In summary, within the current context of deep learning, the primary challenge facing Chinese DSR systems is to develop more flexible and accurate models to address the diversity, dynamism, and complexity of dialects. To this end, not only is a high-quality dataset required to support the development and training of models but also to achieve interdisciplinary integration and innovation, including but not limited to the fields of linguistics, speech recognition, and noise processing. Furthermore, in practical applications, the generalizability of the model and its handling of non-standard or abnormal speech are equally crucial, further ensuring the system’s stability and reliability.

6 Application of Chinese DSR

Dialect is an indispensable part of the regional culture (Hu et al. 2022), which carries the life wisdom and cultural genes of the people in the region, such as the characteristics of language emotional expression, way of thinking, and values. As the carrier of communication, dialects help people deeply understand the region’s cultural characteristics and historical heritage, which is conducive to promoting cultural diversity and cross-cultural understanding. Nowadays, Chinese DSR is widely used in many aspects. There are various application fields for a particular use. For example, healthcare, voice assistant, and so on. Figure 9 represents the related technologies and Chinese DSR applications.

Fig. 9
figure 9

The related technologies and application fields of Chinese DSR.

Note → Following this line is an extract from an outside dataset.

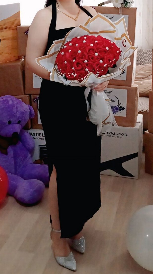 siyah boyundan bağlamalı yandan yırtmaçlı midi elbise

With the increasing popularity of various high-performance recorders and microphones, dialect audio information in daily life can be quickly recorded and saved. At the same time, using cloud computing, artificial intelligence, and other technologies, the development of corresponding DSR applications or related services can provide personalized dialect speech services for all walks of life. The DSR applications will not only satisfy people’s inner needs for the enjoyment of life and culture but also further promote economic development and social prosperity. The combination of dialects and artificial intelligence (AI) technology is significant for preserving and inheriting dialect culture, especially endangered dialects and key regional dialects. Therefore, we should actively use AI and other technical means to protect, promote and optimize dialect culture so that more people can understand and feel the charm of regional culture.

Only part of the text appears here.